Qatar, a small Gulf autocracy, has long taken an independent line toward its Gulf neighbours on foreign policy. Tensions came to a head after it supported the Arab revolutions through its Al Jazeera media network. These uprisings were seen as an existential threat by autocratic regimes throughout the Arab world.
The forum’s statement against Qatar further cements its reputation as a mere religious rubber stamp for the UAE’s strategic ambitions. The forum’s annual conference is typically headlined by its president, Bin Bayyah, and the UAE’s Foreign Minister, Abdullah bin Zayed Al Nahyan, giving the distinct impression that it serves as one of the soft power tools in the UAE’s foreign policy toolkit.
The next most senior figure at the forum is its vice-president, US-based Shaykh Hamza Yusuf, who is Bin Bayyah’s most prominent student. Yusuf has been described by the The Guardian as “arguably the West’s most influential Islamic scholar.” Both these scholars political engagements have, of late, been controversial, and their conspicuous roles at the FPPMS have given its recent anti-Qatar statement religious authority.
The 7 June statement by the FPPMS is noteworthy in that it makes no pretence to impartiality in the Gulf crisis.

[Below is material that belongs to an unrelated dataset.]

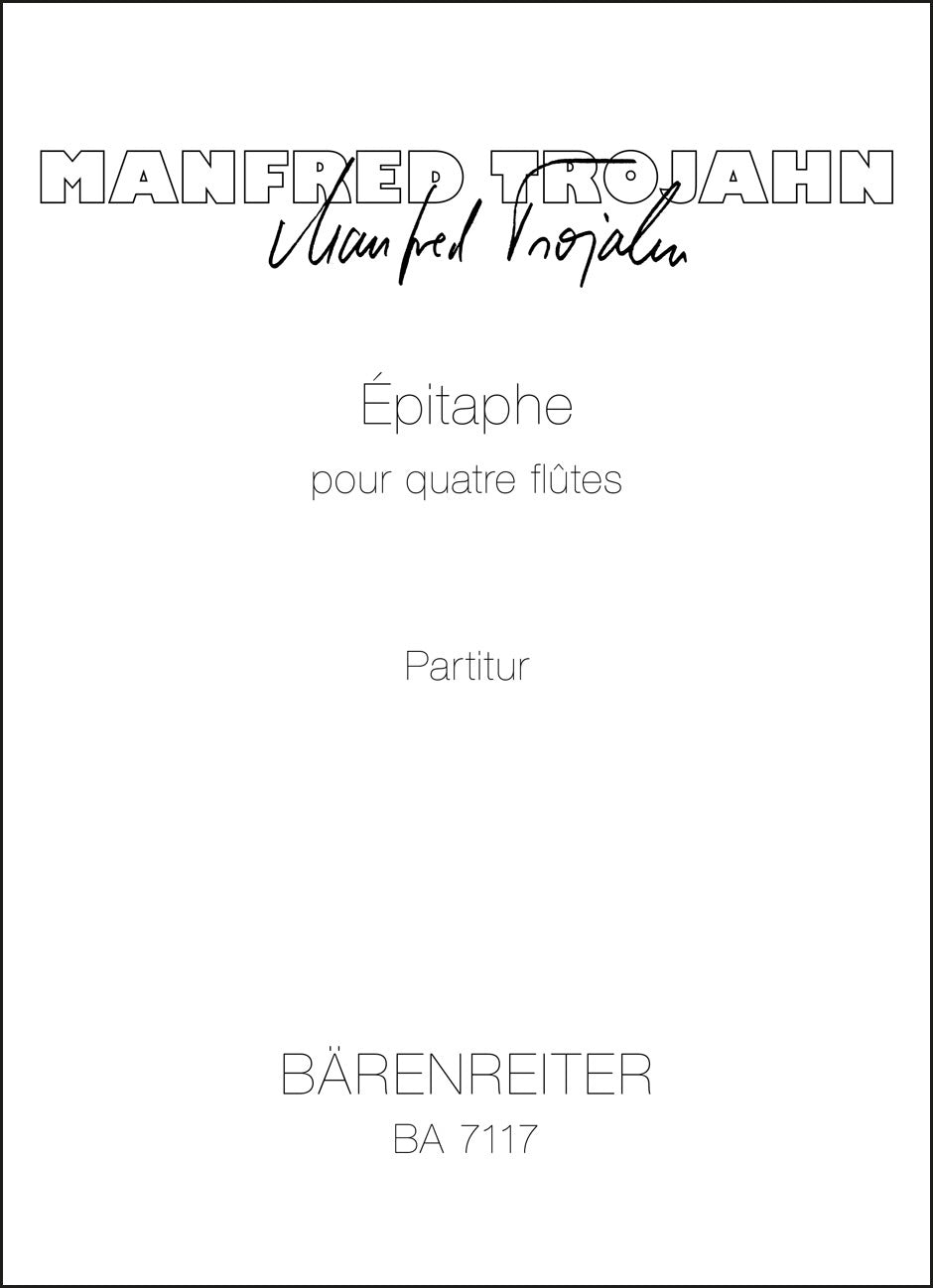 **Title**: Épitaphe for four Flutes (1986) | **Composer / Author**: Trojahn, Manfred | **Edition Type**: Score | **Instrumentation**: Flute | **Scoring/ Instrumentation**: Flutes (4) | **Binding**: Stapled | **Duration**: 00:12:00 | **Printing**: 9th printing 2012 | **Weight**: 55.0 g | **Format**: 29,0 x 20,8 cm | **Pages**: 12 S. | **Language**: EN | Sample: https://data.baerenreiter.com/NB/BA/BA07117_00_9790006485529_nb_lrg_01.jpg

Without any sense of irony, it opens by describing the UAE, one of the countries leading the blockade, as a place of “tolerance and peace-making”. It then mounts this vigorous attack against Qatar:
"The Forum has followed with extreme unease the activities of the Qatari government in ripping apart Arab ranks, rebelling against the Gulf family, and insulting the generous faith of Islam by supporting terrorist groups, inciting political instability in safe countries, and inflaming sectarian conflict. [This] has led to remedial efforts by the countries of the Gulf Cooperation Council and several Arab and Islamic countries to limit the evil that stems from the actions of the Qatari government that aim at demolishing the foundations of stability and security in the region."
The statement concludes with a call by the forum’s “presidency” for Qatar to cease and desist, citing the hallowed early Muslim figure of the second Caliph, Umar, who is reported to have said: “Returning to the truth is better than persisting in falsehood”.
But several features of the statement suggest it was drafted in coordination with, or even by, the UAE authorities.
- Firstly, it was issued less than 48 hours after the surprise announcement of the boycott
- Secondly, its highly-charged language is so well-aligned with UAE foreign policy that it doesn’t resemble the deliberations of an independent scholarly body
- Finally, and most revealingly, the statement appeared on the UAE’s state-owned Emirates News Agency, before its publication by the forum. A report on the statement, which included it in its entirety, was tweeted by the agency almost an hour before it was published by the FPPMS.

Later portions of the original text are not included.